Once you are ready to have at it and press play, prepare some unconventional movie snacks like mini corn dogs or petite quiche. Then, remove from yourself all uncomfortable and restrictive underwear and put on your old worn and tattered fleece pants. Tah dah. You are now ready to escape the harsh realities of college, and delve into a good ol’ movie.
Pufnstuf (1970)
If you can find this movie anywhere, more power to ya. An extremely hard flick to get a hold of, Pufnstuf was based on H.R. Pufnstuf, the first in a long string of Saturday morning hits from Sid and Marty Krofft that your parents probably enjoyed in the late ’60s. In this story about Jimmy, a disenchanted British boy and his magical talking flute named Freddie, you are immediately transported from your couch to Living Island, a psychedelic realm of witches, dragons and talking trees. A sheriff named H.R. Pufnstuf, an orange and green dragon with go-go boots and a country twang that befriends the flute playing 10 year old, runs the island. As the complex plot unfolds, Jimmy finds himself at the center of a fiendish plot devised by Witchiepoo, the head witch in town, to steal his prized jewel encrusted flute. This movie may very well be too psychedelic for some. How did they expect kids to watch this if not on powerful hallucinogens? A bad acid trip throughout, Pufnstuf is something to watch with a large group so that one may appropriately gauge audience reaction to the movie, which is chockfull of talking inanimate objects, British children far too old for this kind of tomfoolery, and “Age of Aquarius”-like musical interludes. If you get through college without dabbing in alcohol and mind-altering drugs, at least you can tell your kids about the first time you ever saw Pufnstuf. Watch for: social commentary from a convention of witches.
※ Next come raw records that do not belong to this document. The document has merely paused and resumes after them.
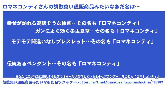| 意味不明あだ名 | 『ペロリンロマネコンティ』 |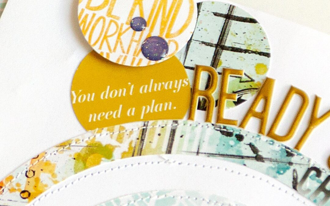 I continued with punched circles from the colorful patterned papers to accent the bullseye!” Jennie’s design is a wonderful way to incorporate the bold patterns and colors from the papers without dominating the page. Adding the punch paper elements provides the perfect amount of embellishment for this minimalist layout.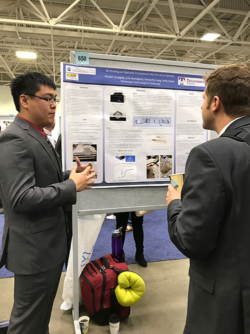 At the national meeting, Mechanical Engineering Honors Student Hiroshi “Chantz” Yanagida placed third in the Materials Science Division of the AIChE poster contest with the presentation of his research conducted in the summer of 2017 as part of a National Science Foundation Research Experience for Undergraduates in partnership with Tennessee Tech University. “Chantz’s” research project was “3D Printing an Optically Transparent Part for use in Sensors.” Also presenting a poster in Minneapolis was UTC Chemical Engineering student Olivia George, whose project focused on her research project entitled, “Targeting and Killing Melanoma Cancer Using Photoactivated Nanoparticles.”

My Life as a Dog (1985) or Mit Liv Som Hund
This foreign film tells the touching story of a boy named Ingemar living in 1950s Sweden. It won awards from countless international film festivals in the 80s and also received a Golden Globe and an Oscar nomination for Best Foreign film. Ingemar lives with his brother and terminally ill mother, but when his mother’s condition worsens he gets sent away to live with relatives in a small Swedish village. While there, he is embraced by the strange, eccentric townspeople and has coming-of-age experiences that will affect him for the rest of his life.
The film is partially narrated by Ingemar, so the audience senses the things that he experiences – through the eyes of a child. He reads headlines of catastrophes and fatalities with a childlike fascination and from these stories makes parallels to his own life. I hold this film dear because it was a film that I grew up watching, but others can also relate to it because it deals with the many uncertainties and fears that we all had as children. It is an honest and accurate portrayal of children and the way they think and behave. Watch for: Ingemar’s milk drinking scenes.
The Bad Seed (1956)
Directed by Mervyn LeRoy and adapted from a play by Max-well Anderson, this drama/ thriller was rather daring material for the supposedly conservative 1950s. As the story unfolds, Christine Penmark seems to have it all. A lovely husband, nice home and wonderful daughter make her life an absolute dream. The one thing standing in the way of that ideal is her little daughter, played in an impeccable performace by Patty MacCormack. With bobby socks, Mary Janes and perfect blonde pigtails Rhoda is not all that she seems. She has killed and will kill again. Here in this ideal 1950’s household, a child who by her outward demeanor seems the epitome of middle class manners and good taste, commits premeditated murders with amazingly logical reasons for her actions, still with time to play with her tea set and roller skate around the neighborhood. Hers was never the face of sinister evil. She portrayed real childhood and the pure emotions that come along with it. If you like old, seemingly conservative black and white movies with a twist, then this is a flick for you. Watch for: Rhoda’s priceless piano playing scene.